Al otro lado de la Calzada de los Muertos se encontraba el mercado principal de la ciudad, que en ocasiones se extendía bordeando el sendero. Un poco más adelante, sobre el lado oeste, se levanta como una escalera a los cielos la Pirámide del Sol. La inmensa estructura de base casi cuadrada (222 por 225 metros, apenas más pequeña que la pirámide de Keops, en Egipto) tiene una altura de 63 metros. Originalmente estaba coronada por un pequeño templo, hoy destruido. En el Palacio Nacional, residencia actual del presidente de la república, se encuentra un mural pintado por Diego Rivera entre 1929 y 1935, donde estos templetes ubicados en la cima de la pirámide parecen volver mágicamente a la vida.
A un costado de la pirámide se encuentra un pequeño museo que contiene una maqueta a escala de la ciudad, y a unos 500 metros al este se levanta el Palacio de Tepantitla, que guarda en sus paredes notables pinturas murales que representan a Tláloc, el dios de la lluvia, y un edénico mundo imaginario. Coronando el recorrido se llega a la plaza ceremonial de la Pirámide de la Luna, que es algo más pequeña que la del Sol pero igualmente imponente, con sus 42 metros de altura.
Junto a ella están el Palacio de Quetzalpapalotl, cuya imagen de mariposa con cuerpo de quetzal aparece labrada en las pilastras del patio, y el Palacio del Jaguar cubierto de pinturas murales con figuras de serpientes emplumadas que ejecutan, trayendo los mágicos sonidos al presente, sus trompetas de caracolas marinas. Bajo el Palacio de Quetzalpapalotl se esconde el Templo de los Caracoles Emplumados, cuyos frescos de vivos colores representan también flores de cuatro pétalos y distintos tipos de aves.

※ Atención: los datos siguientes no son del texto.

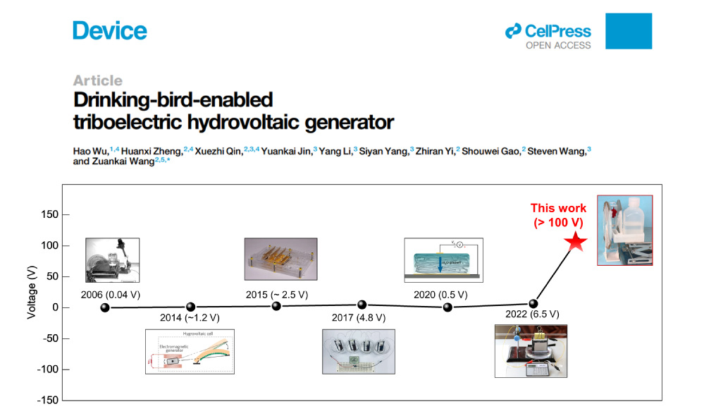 Our research: “Drinking-bird-enabled triboelectric hydrovoltaic generator” was published in Device.

Murales de un mundo perdido A pesar de haber permanecido abandonada por casi 1300 años, la ciudad de los dioses todavía parece encerrar entre sus muros de colores la vertiginosa vida de su momento de mayor esplendor. Hoy en día las paredes de piedra conservan algo más que el silencio; los centenares de pinturas y esculturas del valle reflejan las vivencias de un mundo perdido. Paso a paso entre esas imágenes es posible imaginar el sonido de las percusiones que acompañaba las danzas de los viejos rituales y la solemnidad de los sacrificios.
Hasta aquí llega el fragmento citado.